Корова, ясно, была не Мишина — тысяцкого Якуна. Тощий такой нетель, давно уже забить собирались или продать — вот как раз и сгодилось. Для, так сказать, более правдивого вхождения в образ. По тщательно разработанной Якуном легенде, Михаил — бедный однодворец, пришел вот в Новгород единственную коровенку продать, поскольку с год тому назад сгорели в лихоманке и жена, и чады-домочадцы, а все хозяйство, стало быть, пришло в полное — полнейшее! — разорение. А он, Михаил, оставшись бобылем, взял последнюю коровенку да отправился в город — искать не счастья, а хотя бы пристанища.
— Может, в артель какую возьмут, плотником, — жаловался Миша соседям по рынку — таким же, как он, горемыкам, молодым — лет по шестнадцати, парням с похожей судьбою. Один — рыжий светлоглазый Мокша — торговал лично подстреленную в лесу дичь — куропаток и рябчика, второй — чернявый, похожий на грека, Авдей — пытался продать почти что не ношеные лапти.
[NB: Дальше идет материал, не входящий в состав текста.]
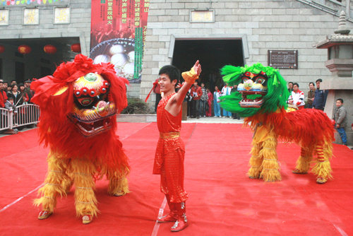 有布獅和毛獅兩種,舞時又分文獅和武獅。文獅刻畫獅子溫馴神態(tài),動作詼諧細膩;武獅顯獅子勇猛,動作幅度強。舞獅的套子有“藤纏樹”、“烏云蓋雪”、“牛戀凼”、“泥鰍彈鍋”、“麒麟送子”等。用打擊樂和吹奏樂伴奏、氣氛熱烈莊重。舞獅時還有贊獅者伴唱,唱詞內容有反映勞動生活、祝賀吉祥、介紹傳說故事等,舞獅者隨唱詞內容和節(jié)奏進行表演。

— А вот, налетай, лапоточки лыковые, новые…
Рябчика-то с куропатками быстро взяли, а вот на лапоточки не налетали чего-то, может быть, потому что совсем близехонько — через рядок — как раз и торговали лаптями, корзинками, туесами, коробами разными и всяким прочим плетеньем. Правы люди — уж если и покупать лапти, так новые — стоят дешево, снашиваются — месяца за два… ну, это как ходить.
Миша, в отличие от босоногих парней, был обут в кожаные постолы с обмотками и высокой оплеткой. Постолы выглядели уж о-очень сильно поношенными, как и вся прочая одежка — зипун, порты, длинная, до колен, рубаха… между прочим, шелковая, но, увы, давно потерявшая и вид, и блеск. В общем, такой вот образ человека, некогда имевшего кое-что, но ныне пришедшего в полный разор.
— Говор у тебя цудной, Миша, — еще на рынке заметил Авдей. — Издалече?
— Вообще-то — с Заволочья.
— Поня-а-атно.
Михаил уже, конечно, попривык к Новгороду, но все же, все же смотрел по сторонам, широко раскрыв глаза, что провинциалу с какого-то там Заволочья было вполне даже простительно. Ничего не скажешь, красив город, хоть и мало еще каменных строений — всего несколько храмов да стены детинца на Софийской — а все же, все же… Улицы бревнами — а кое-где — и брусом — мощенные, чистые, усадьбы за частоколами ладные, аккуратные, с высокими домами в два-три этажа, с резным узорочьем, с крышами из серебристой дранки… ох эти крыши… особенно сейчас блестели — ну чистое серебро. Денек-то выпал теплый, не дождливый, но и не ярко-солнечный, а такой, с серебристо-облачным небом, словно бы озаренным неким матовым сиянием, как оклады на древних иконах. Сияние это отражалось в многочисленных озерцах и ручьях, и конечно же — в Волхове, седом батюшке Волхове, без которого — уж всяко — не бысть бы великому граду, не бысть…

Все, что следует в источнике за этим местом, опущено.